## WORK INSTRUCTIONS
Your response to the data below should hold nothing except the lines from the one containing "Corsage intégral sans" down to the one containing "作业帮学习机T60 8+256G 全新一代AI超级老师", reproduced exactly and without pictures.

## INFORMATION PROVIDED
————

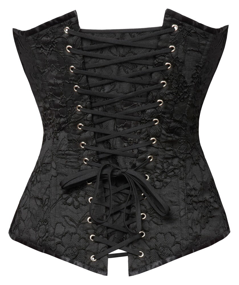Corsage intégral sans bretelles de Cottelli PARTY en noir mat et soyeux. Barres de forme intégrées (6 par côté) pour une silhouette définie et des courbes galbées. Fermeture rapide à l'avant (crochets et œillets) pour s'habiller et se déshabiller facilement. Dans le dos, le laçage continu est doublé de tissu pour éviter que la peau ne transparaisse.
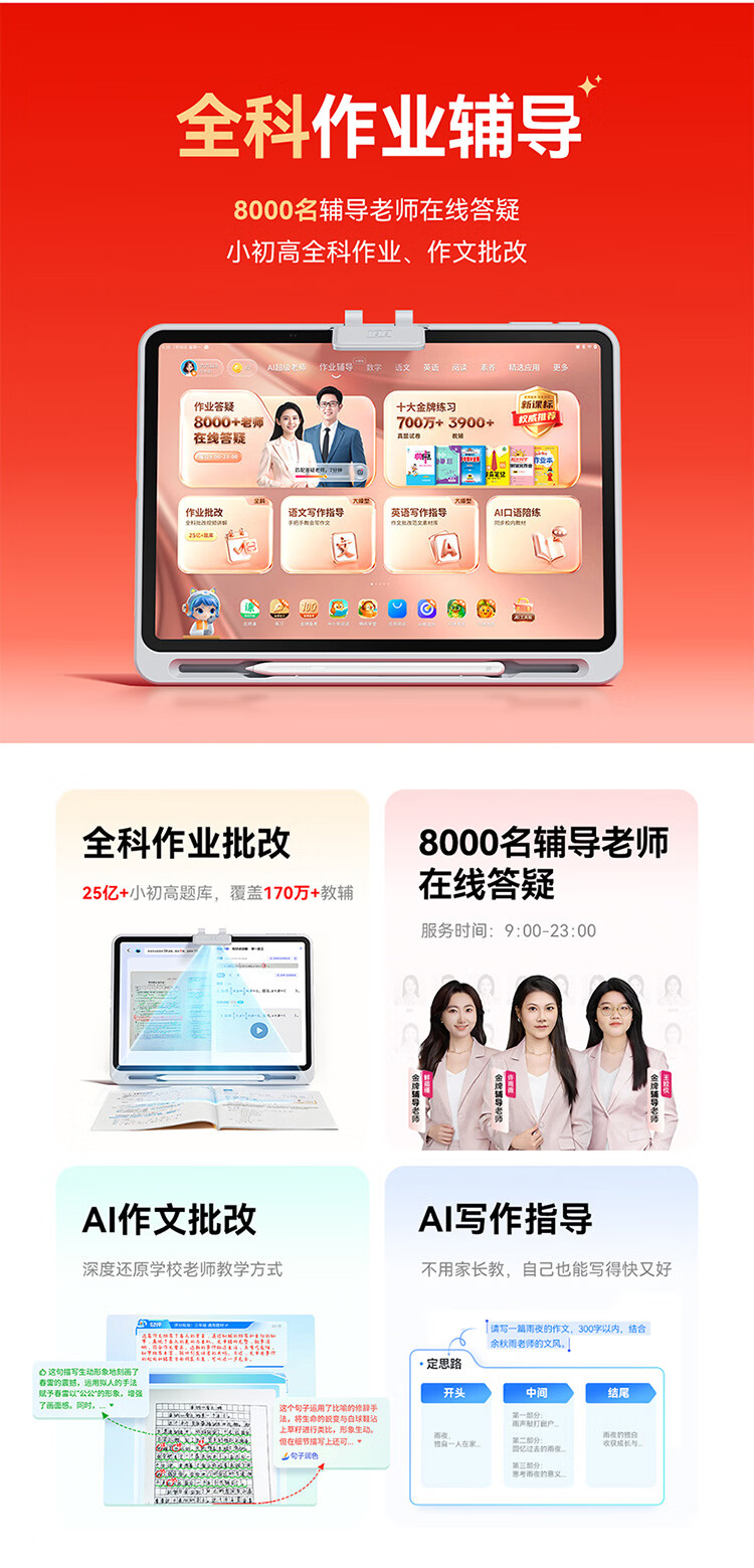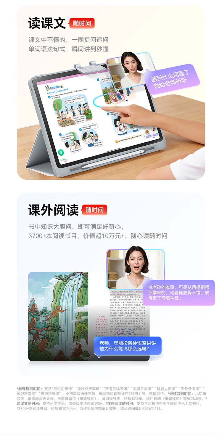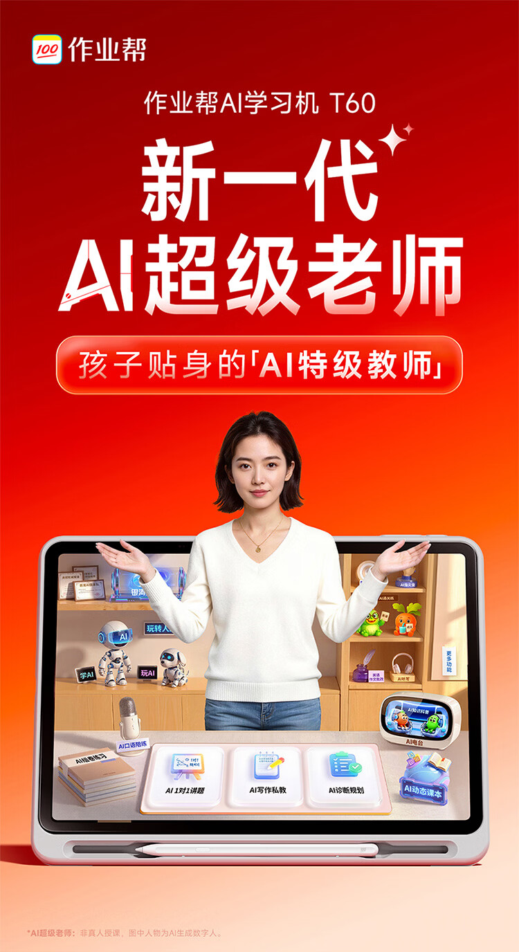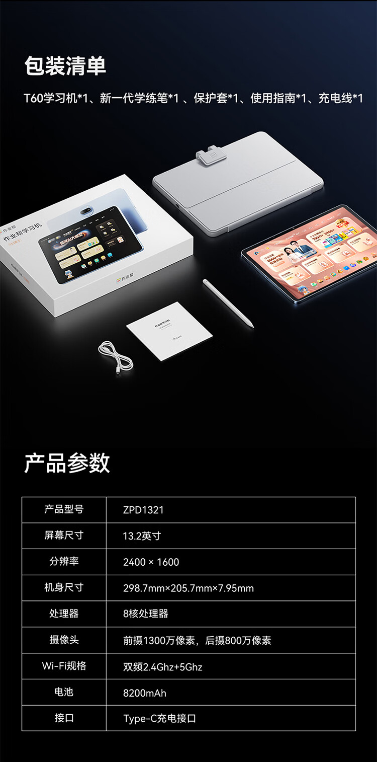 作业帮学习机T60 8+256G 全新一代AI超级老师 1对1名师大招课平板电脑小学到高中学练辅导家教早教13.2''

————

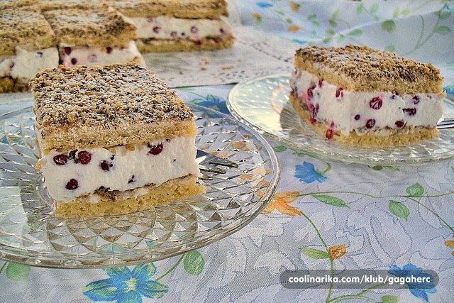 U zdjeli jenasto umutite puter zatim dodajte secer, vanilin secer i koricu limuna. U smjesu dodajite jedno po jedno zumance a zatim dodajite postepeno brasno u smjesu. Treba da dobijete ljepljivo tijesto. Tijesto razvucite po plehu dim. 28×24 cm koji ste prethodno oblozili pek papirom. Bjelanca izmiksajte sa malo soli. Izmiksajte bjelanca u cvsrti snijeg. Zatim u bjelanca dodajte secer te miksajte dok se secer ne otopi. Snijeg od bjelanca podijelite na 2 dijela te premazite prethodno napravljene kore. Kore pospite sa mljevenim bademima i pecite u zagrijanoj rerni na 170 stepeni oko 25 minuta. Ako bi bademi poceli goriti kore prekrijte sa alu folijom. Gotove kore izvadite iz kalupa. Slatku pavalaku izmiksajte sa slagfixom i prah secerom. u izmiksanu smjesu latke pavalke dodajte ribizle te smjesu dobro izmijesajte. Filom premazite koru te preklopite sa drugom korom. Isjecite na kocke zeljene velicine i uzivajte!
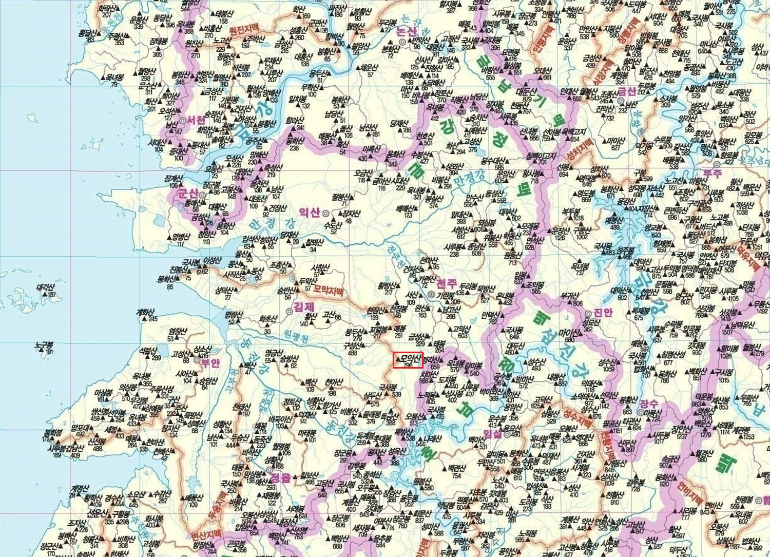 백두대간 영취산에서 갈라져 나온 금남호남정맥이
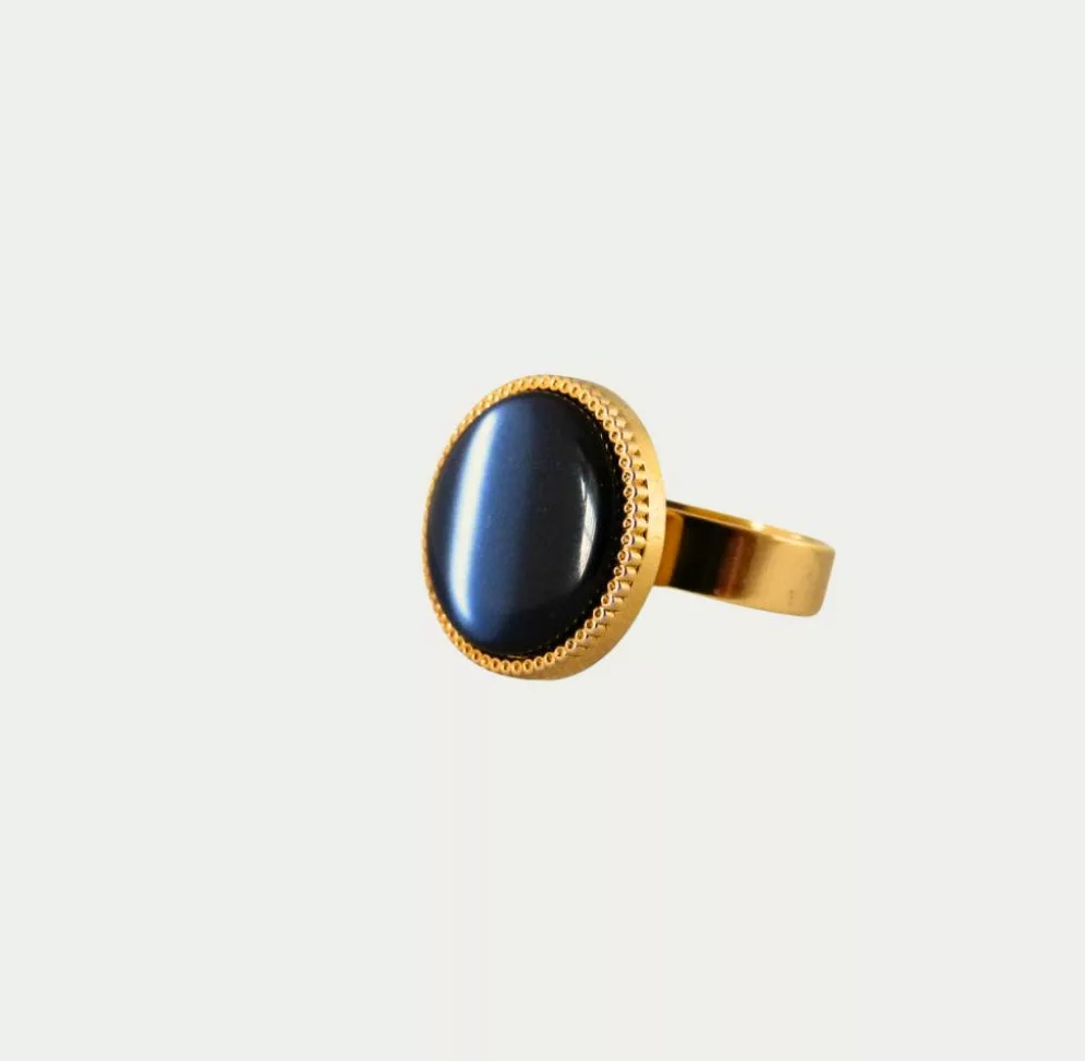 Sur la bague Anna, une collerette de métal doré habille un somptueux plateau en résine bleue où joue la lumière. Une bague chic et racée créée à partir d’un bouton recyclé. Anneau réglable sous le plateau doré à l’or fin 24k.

————

## RESULT FOR THIS TASK
Corsage intégral sans bretelles de Cottelli PARTY en noir mat et soyeux. Barres de forme intégrées (6 par côté) pour une silhouette définie et des courbes galbées. Fermeture rapide à l'avant (crochets et œillets) pour s'habiller et se déshabiller facilement. Dans le dos, le laçage continu est doublé de tissu pour éviter que la peau ne transparaisse.
 作业帮学习机T60 8+256G 全新一代AI超级老师 1对1名师大招课平板电脑小学到高中学练辅导家教早教13.2''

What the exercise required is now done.